Using the listing below, give again exactly the lines from the line with "1. 1girl, medium" to the line with "వంకాయలకు కొద్దిగా నూనె", inclusive, without the pictures.

# RAW DATA:
▬▬▬▬▬▬

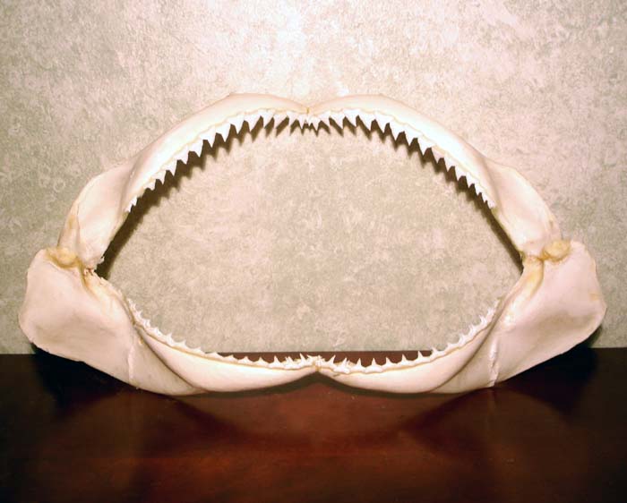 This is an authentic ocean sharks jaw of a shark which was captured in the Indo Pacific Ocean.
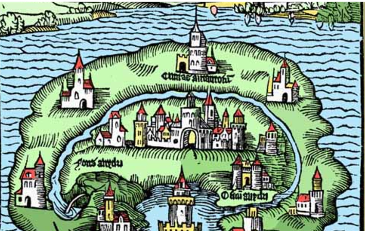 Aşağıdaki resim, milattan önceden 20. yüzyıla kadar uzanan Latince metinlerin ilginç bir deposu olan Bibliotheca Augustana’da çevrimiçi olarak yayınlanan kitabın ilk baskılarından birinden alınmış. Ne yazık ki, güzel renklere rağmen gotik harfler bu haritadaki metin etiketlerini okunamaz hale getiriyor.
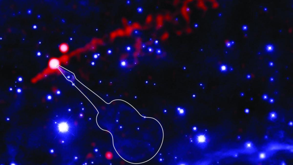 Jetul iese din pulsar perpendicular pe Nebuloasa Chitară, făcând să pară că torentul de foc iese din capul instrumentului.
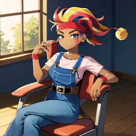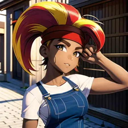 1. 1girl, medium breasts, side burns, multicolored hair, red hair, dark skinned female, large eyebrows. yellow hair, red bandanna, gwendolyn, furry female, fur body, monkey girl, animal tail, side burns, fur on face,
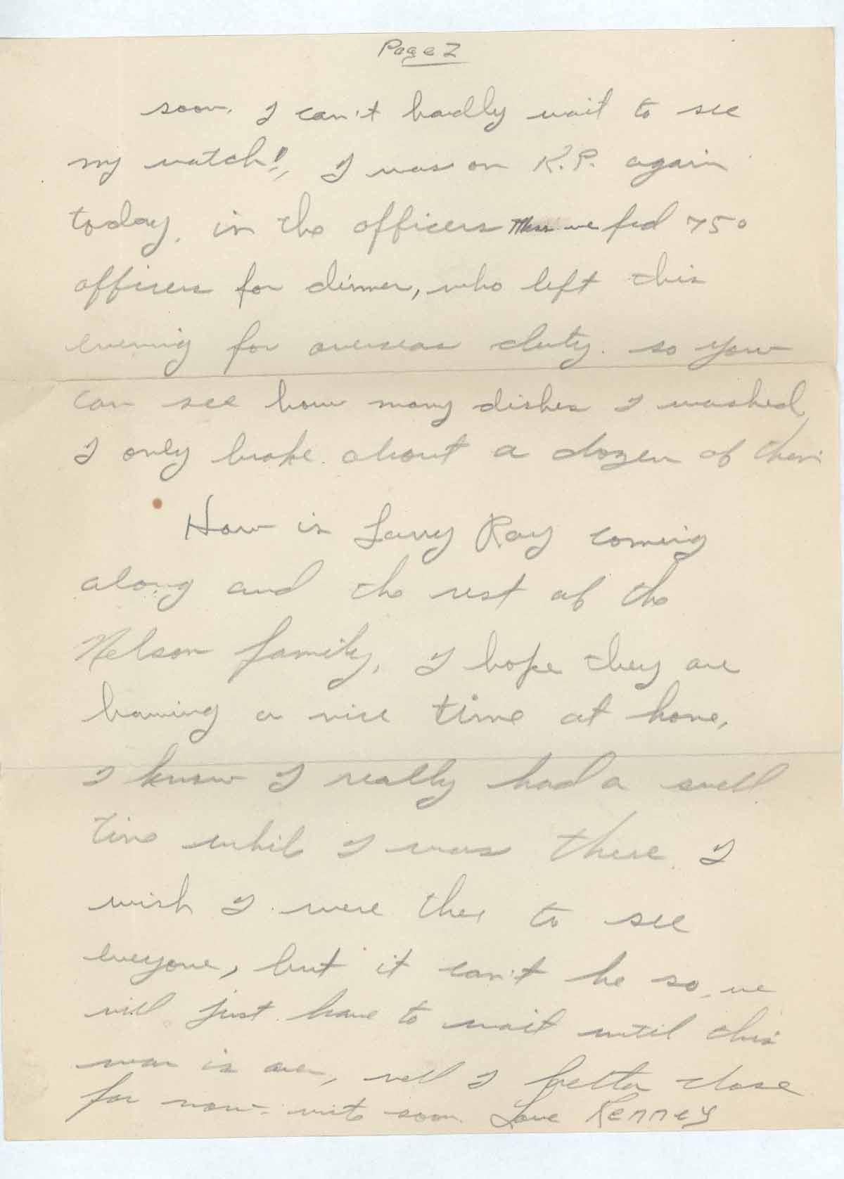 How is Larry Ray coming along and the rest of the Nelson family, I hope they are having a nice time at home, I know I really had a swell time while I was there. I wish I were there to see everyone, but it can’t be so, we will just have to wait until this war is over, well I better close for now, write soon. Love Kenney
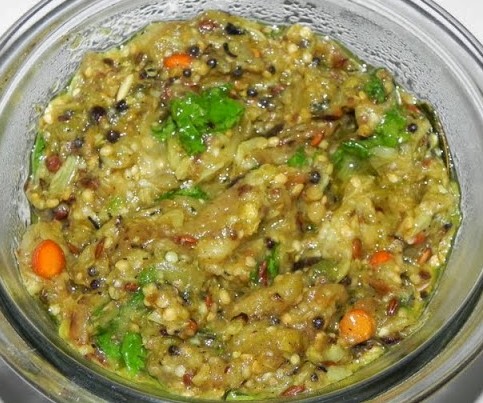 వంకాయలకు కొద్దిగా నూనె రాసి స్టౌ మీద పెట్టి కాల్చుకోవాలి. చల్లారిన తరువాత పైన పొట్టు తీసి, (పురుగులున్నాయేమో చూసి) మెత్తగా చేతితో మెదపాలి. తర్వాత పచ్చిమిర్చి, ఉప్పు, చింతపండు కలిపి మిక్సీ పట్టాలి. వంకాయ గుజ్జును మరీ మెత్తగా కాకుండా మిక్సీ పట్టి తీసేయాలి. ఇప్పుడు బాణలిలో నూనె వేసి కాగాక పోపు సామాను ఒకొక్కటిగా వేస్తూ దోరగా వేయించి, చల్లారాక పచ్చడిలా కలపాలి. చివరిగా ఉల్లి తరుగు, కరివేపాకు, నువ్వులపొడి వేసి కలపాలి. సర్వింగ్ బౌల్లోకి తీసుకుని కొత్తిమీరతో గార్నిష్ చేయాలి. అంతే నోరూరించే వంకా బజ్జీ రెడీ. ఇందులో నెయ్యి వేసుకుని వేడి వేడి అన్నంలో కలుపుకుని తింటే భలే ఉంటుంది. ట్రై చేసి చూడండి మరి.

▬▬▬▬▬▬

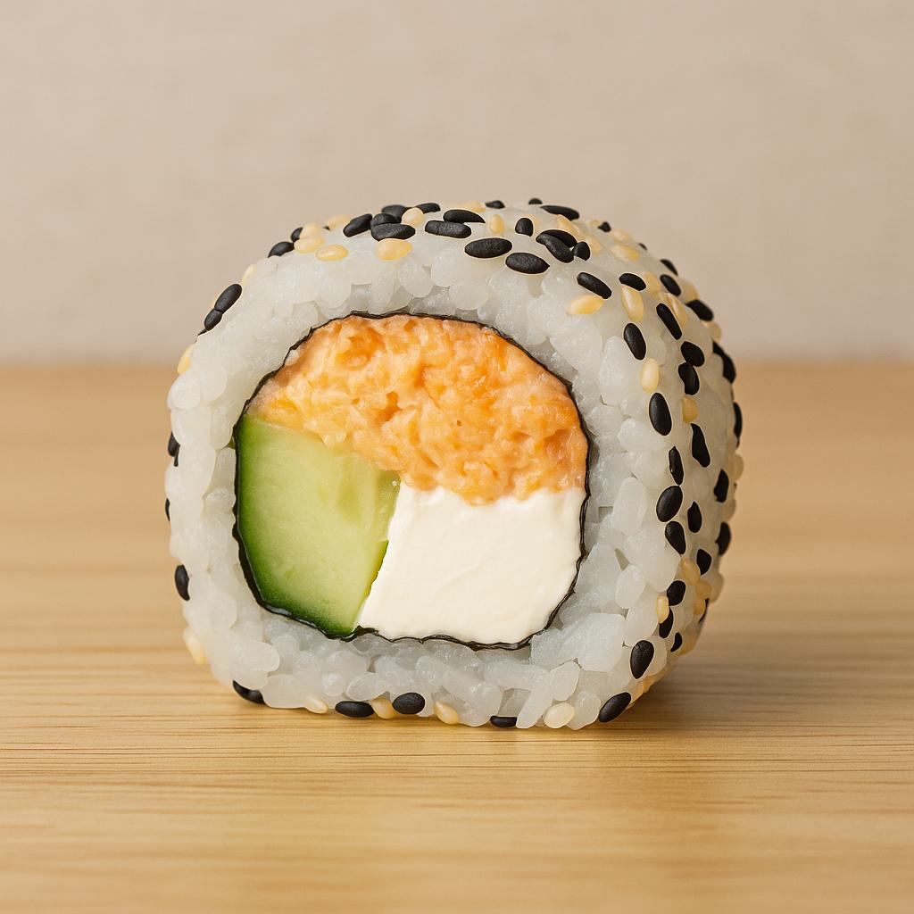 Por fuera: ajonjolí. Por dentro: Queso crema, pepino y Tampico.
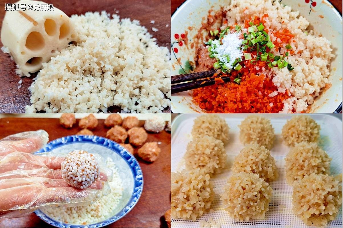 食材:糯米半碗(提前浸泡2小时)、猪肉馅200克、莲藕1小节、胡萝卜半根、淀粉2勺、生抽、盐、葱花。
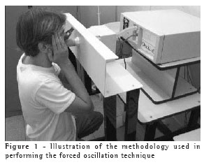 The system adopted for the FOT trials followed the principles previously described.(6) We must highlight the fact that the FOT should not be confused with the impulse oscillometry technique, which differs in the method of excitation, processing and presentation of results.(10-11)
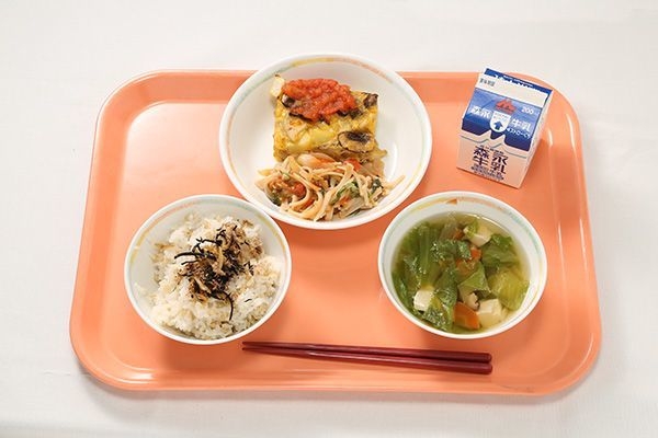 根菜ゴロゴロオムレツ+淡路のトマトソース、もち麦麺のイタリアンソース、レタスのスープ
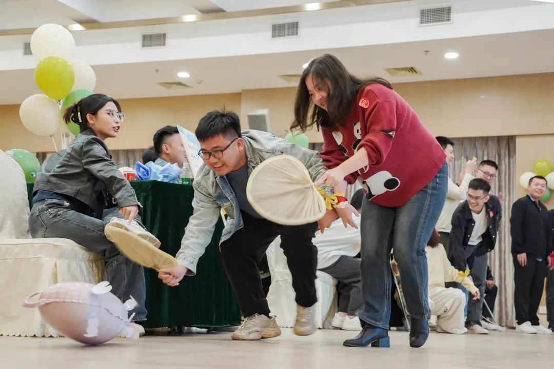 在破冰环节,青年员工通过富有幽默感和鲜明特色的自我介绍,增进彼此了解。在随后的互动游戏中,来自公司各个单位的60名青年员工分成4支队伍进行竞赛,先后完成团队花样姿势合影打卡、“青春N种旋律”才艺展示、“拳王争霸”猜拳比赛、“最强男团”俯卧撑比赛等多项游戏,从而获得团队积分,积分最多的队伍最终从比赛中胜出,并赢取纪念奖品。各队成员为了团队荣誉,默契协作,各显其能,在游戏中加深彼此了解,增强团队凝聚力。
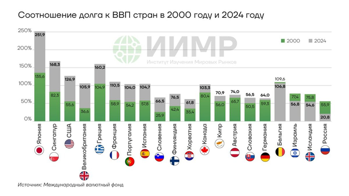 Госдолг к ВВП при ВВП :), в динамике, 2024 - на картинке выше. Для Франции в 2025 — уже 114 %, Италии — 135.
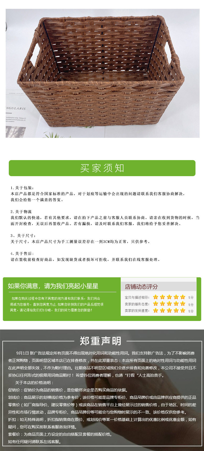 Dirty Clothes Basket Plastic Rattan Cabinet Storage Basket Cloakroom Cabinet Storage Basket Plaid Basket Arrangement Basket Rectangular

▬▬▬▬▬▬

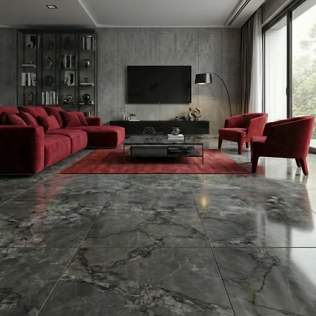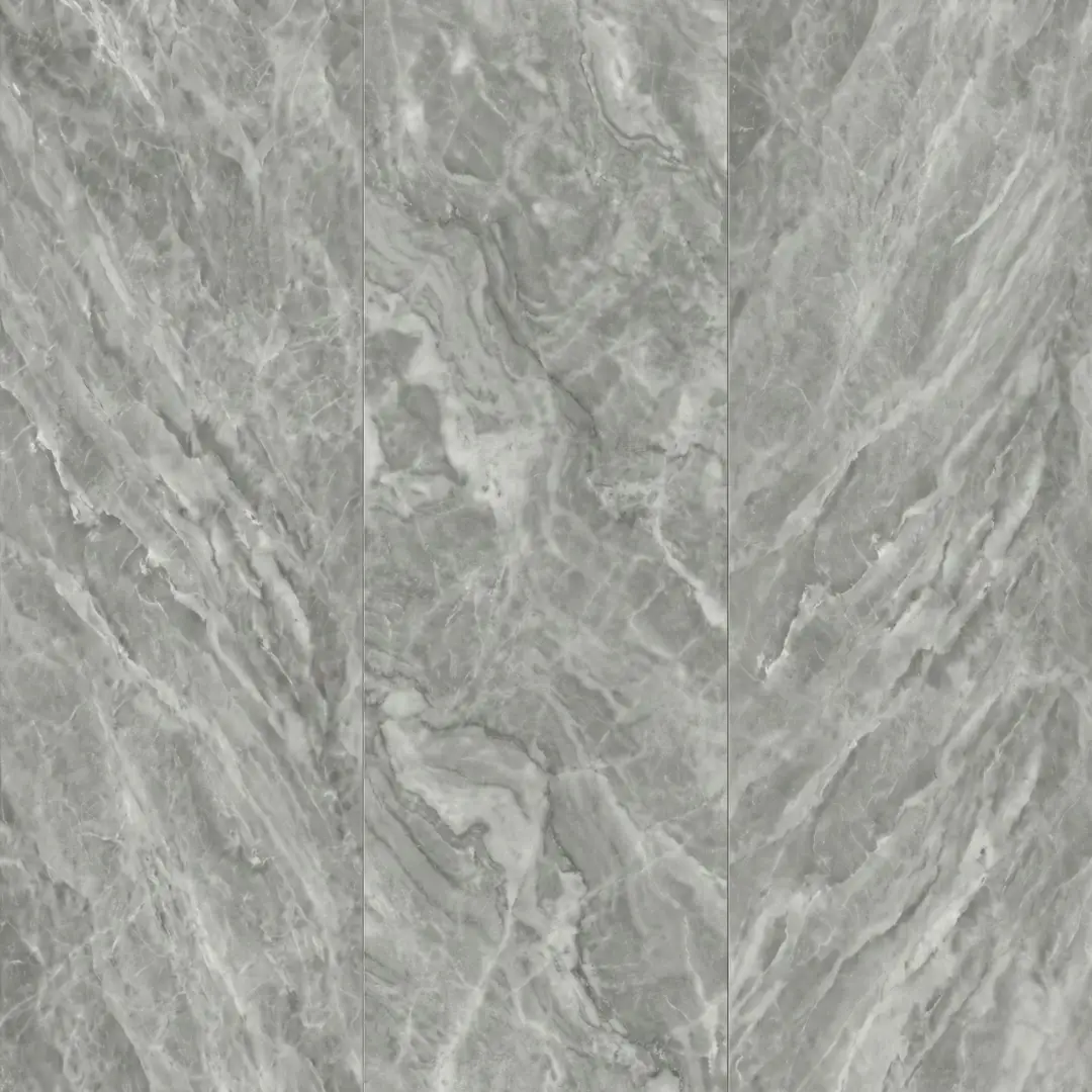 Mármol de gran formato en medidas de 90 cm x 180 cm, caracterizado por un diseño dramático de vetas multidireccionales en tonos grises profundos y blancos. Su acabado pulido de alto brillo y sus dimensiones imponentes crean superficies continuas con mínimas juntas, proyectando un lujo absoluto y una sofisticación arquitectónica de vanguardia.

▬▬▬▬▬▬

# REPLY:
 1. 1girl, medium breasts, side burns, multicolored hair, red hair, dark skinned female, large eyebrows. yellow hair, red bandanna, gwendolyn, furry female, fur body, monkey girl, animal tail, side burns, fur on face,
 How is Larry Ray coming along and the rest of the Nelson family, I hope they are having a nice time at home, I know I really had a swell time while I was there. I wish I were there to see everyone, but it can’t be so, we will just have to wait until this war is over, well I better close for now, write soon. Love Kenney
 వంకాయలకు కొద్దిగా నూనె రాసి స్టౌ మీద పెట్టి కాల్చుకోవాలి. చల్లారిన తరువాత పైన పొట్టు తీసి, (పురుగులున్నాయేమో చూసి) మెత్తగా చేతితో మెదపాలి. తర్వాత పచ్చిమిర్చి, ఉప్పు, చింతపండు కలిపి మిక్సీ పట్టాలి. వంకాయ గుజ్జును మరీ మెత్తగా కాకుండా మిక్సీ పట్టి తీసేయాలి. ఇప్పుడు బాణలిలో నూనె వేసి కాగాక పోపు సామాను ఒకొక్కటిగా వేస్తూ దోరగా వేయించి, చల్లారాక పచ్చడిలా కలపాలి. చివరిగా ఉల్లి తరుగు, కరివేపాకు, నువ్వులపొడి వేసి కలపాలి. సర్వింగ్ బౌల్లోకి తీసుకుని కొత్తిమీరతో గార్నిష్ చేయాలి. అంతే నోరూరించే వంకా బజ్జీ రెడీ. ఇందులో నెయ్యి వేసుకుని వేడి వేడి అన్నంలో కలుపుకుని తింటే భలే ఉంటుంది. ట్రై చేసి చూడండి మరి.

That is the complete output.